En mars 2013, le patient a été envoyé dans un centre de référence pour un sauvetage chirurgical de la lésion par résection du jéjunum proximal sans signe de tumeur résiduelle et avec une anatomie pathologique compatible avec une métastase de mélanome, sans recevoir de traitement adjuvant à ce moment-là.
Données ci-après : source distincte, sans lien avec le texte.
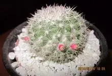 仙人掌科乳突球属原产墨西哥,通常单生,茎圆桶形,径粗9-10cm,高25-30cm,深绿色。棱13-21,放射刺20-30,中刺7-15,长2cm,红褐色。花色紫红。喜温暖干燥和阳光充足环境。较耐寒,…全部>>

En novembre 2013, il a commencé à présenter des symptômes cliniques de sinusite et d'épistaxis, pour lesquels il a été évalué dans le service ORL et une formation polypoïde a été détectée dans la muqueuse nasale, qui a été enlevée et était compatible avec une métastase de mélanome c-KIT et BRAF-négatif. En juin 2014, il a souffert d'une nouvelle récidive dans la narine droite et a reçu un traitement par radiothérapie avec modulation d'intensité (IMRT) dans cette zone.
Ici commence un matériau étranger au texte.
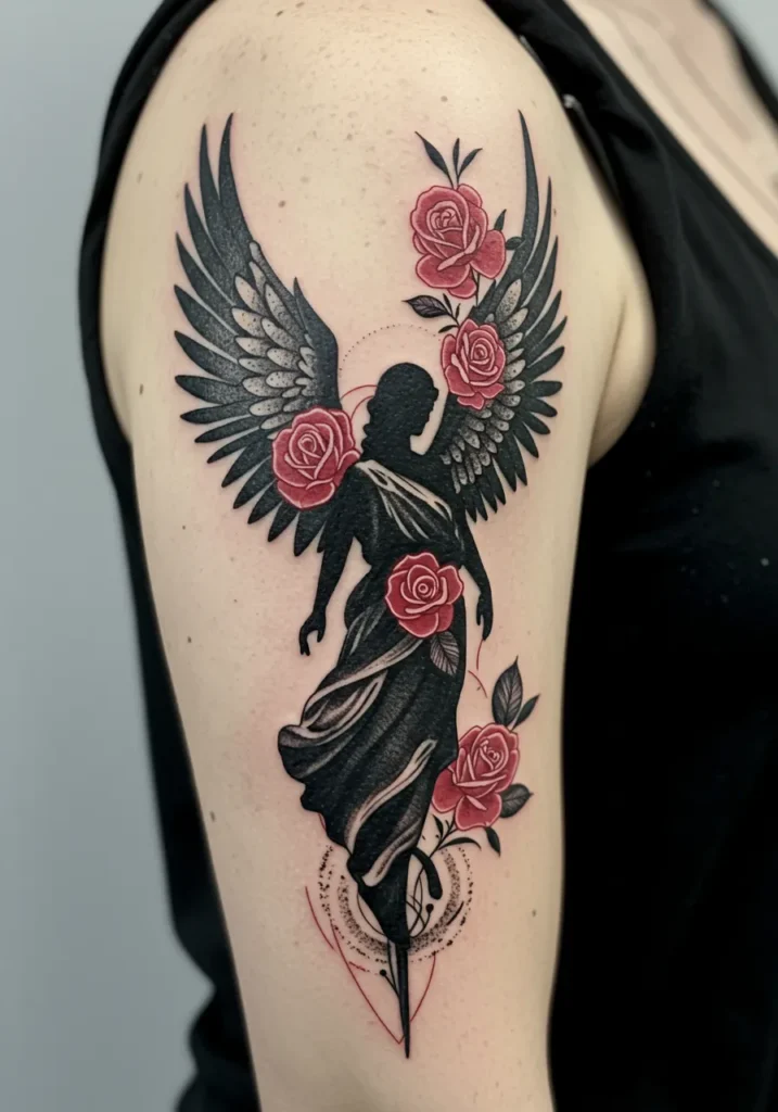This upper arm tattoo is an absolute showstopper. It features a solid black silhouette of an angel with large, intricately detailed wings. The contrast in this piece is just incredible, with vibrant red roses blooming around the dark figure, adding a stunning pop of color. The angel s flowing gown cleverly tapers to a point, reminiscent of a sword or dagger, while subtle dotwork and fine geometric lines at the base add a touch of modern flair.

Au cours du suivi, un scanner de contrôle réalisé en janvier 2015 a montré une progression bilatérale de la tumeur pulmonaire sans autre résultat à d'autres niveaux, de sorte qu'une nouvelle ligne de traitement a été mise en place avec le pembrolizumab à raison de 10 mg/kg toutes les 3 semaines, avec une réponse partielle des nodules pulmonaires dans le scanner de contrôle en mai 2015.